#### INPUT MATERIAL:
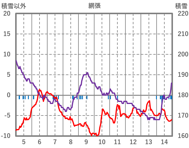 | 日 | 時 | 気温 | 降水 | 風向/風速 | 日照 | 積雪 | 降雪 |
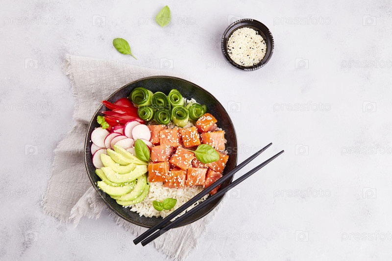 Поке боул с лососем или тунцом, рисом, авокадо, огурцом, редисом, перцем, кунжутом
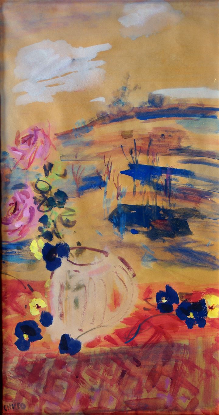 CHICCO RICCARDO Torino 1910 - 1973 "Fiori e paesaggio" 67x40 tecnica mista su...
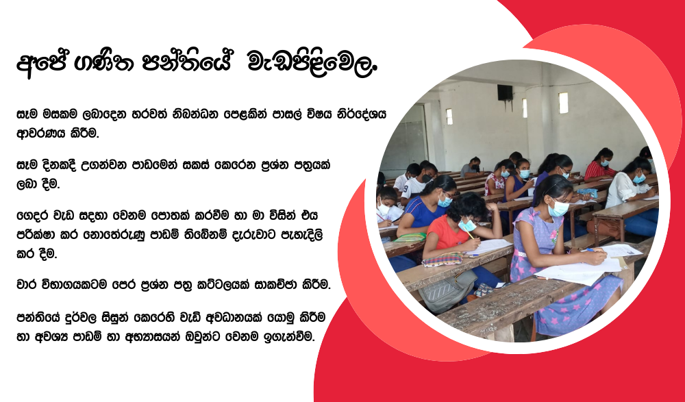 ගුණාත්මක අධ්යාපනයක් ලබාදී ගණිත විෂයය අසමත් නොවීA,B,C සාමාර්ථයන් ඔවුන් හට ලබා ගැනීමට මගපෙන්වීමට ගුරුවරයෙකු ලෙස මාහට හැකි විය.
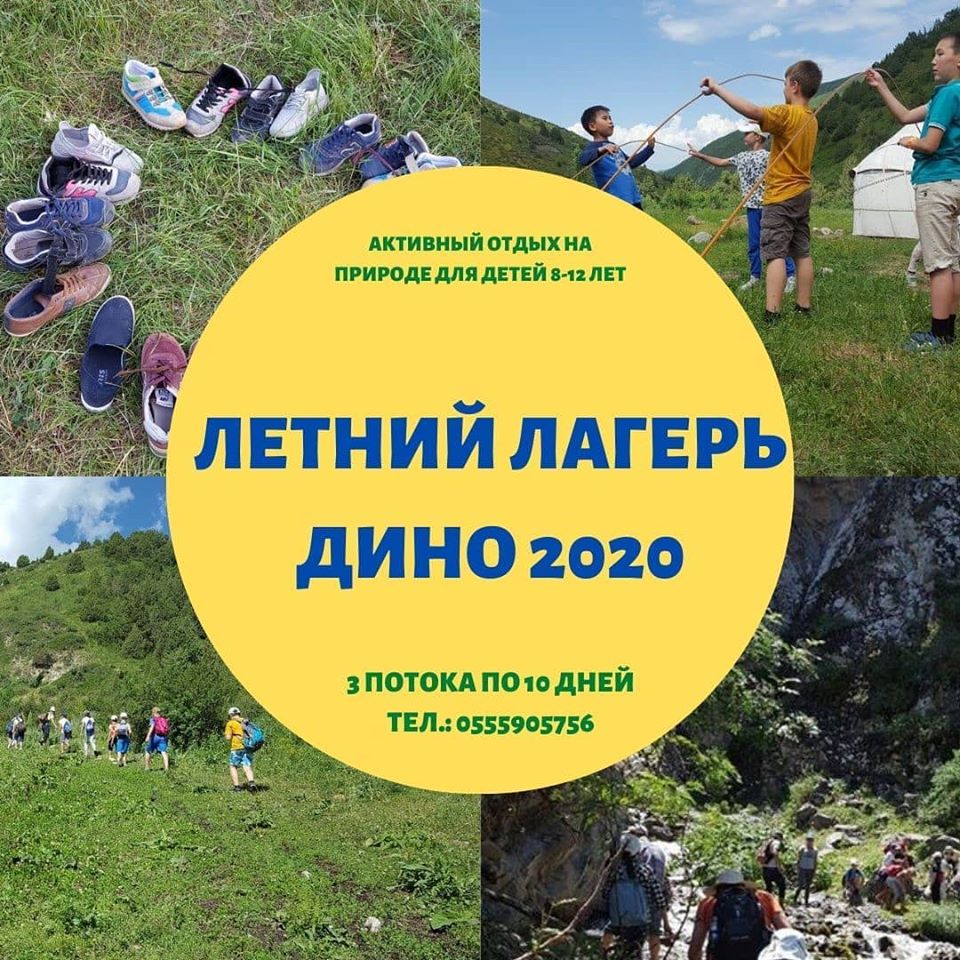 График работы: с 3 июля. Условия: для детей в возрасте 6-16 лет. В программе лагеря программирование, практика английского языка, клуб юного фотографа, конные прогулки, бассейн, поход в горы с ночевкой, треккинг на озеро Жашыл-Кол и другое.
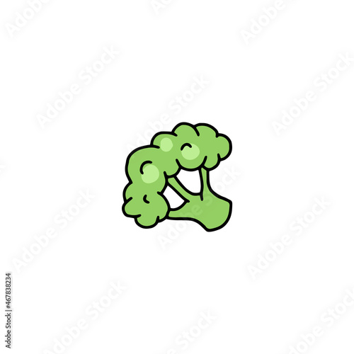 © sabelskaya, Naklejka premium Hand drawn green broccoli piece, sketch colored vector illustration isolated.
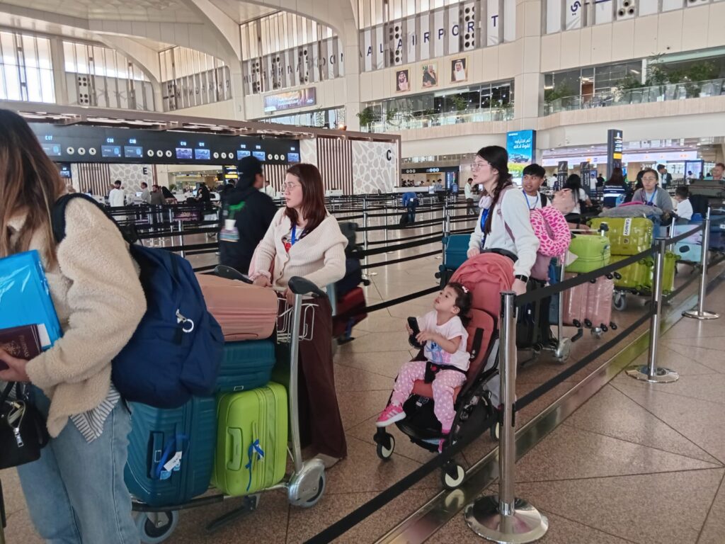 Each individual was allocated a total baggage allowance of 40 kilograms across two bags, which were loaded onto buses bound for Dammam with the assistance of Gulf Air personnel and volunteers from various organizations.

#### EXERCISE BRIEF:
Beginning with the first line of the material above, please output each line exactly through the line that contains "ගුණාත්මක අධ්යාපනයක් ලබාදී", and only those, leaving out pictures.

#### RESPONSE:
 | 日 | 時 | 気温 | 降水 | 風向/風速 | 日照 | 積雪 | 降雪 |
 Поке боул с лососем или тунцом, рисом, авокадо, огурцом, редисом, перцем, кунжутом
 CHICCO RICCARDO Torino 1910 - 1973 "Fiori e paesaggio" 67x40 tecnica mista su...
 ගුණාත්මක අධ්යාපනයක් ලබාදී ගණිත විෂයය අසමත් නොවීA,B,C සාමාර්ථයන් ඔවුන් හට ලබා ගැනීමට මගපෙන්වීමට ගුරුවරයෙකු ලෙස මාහට හැකි විය.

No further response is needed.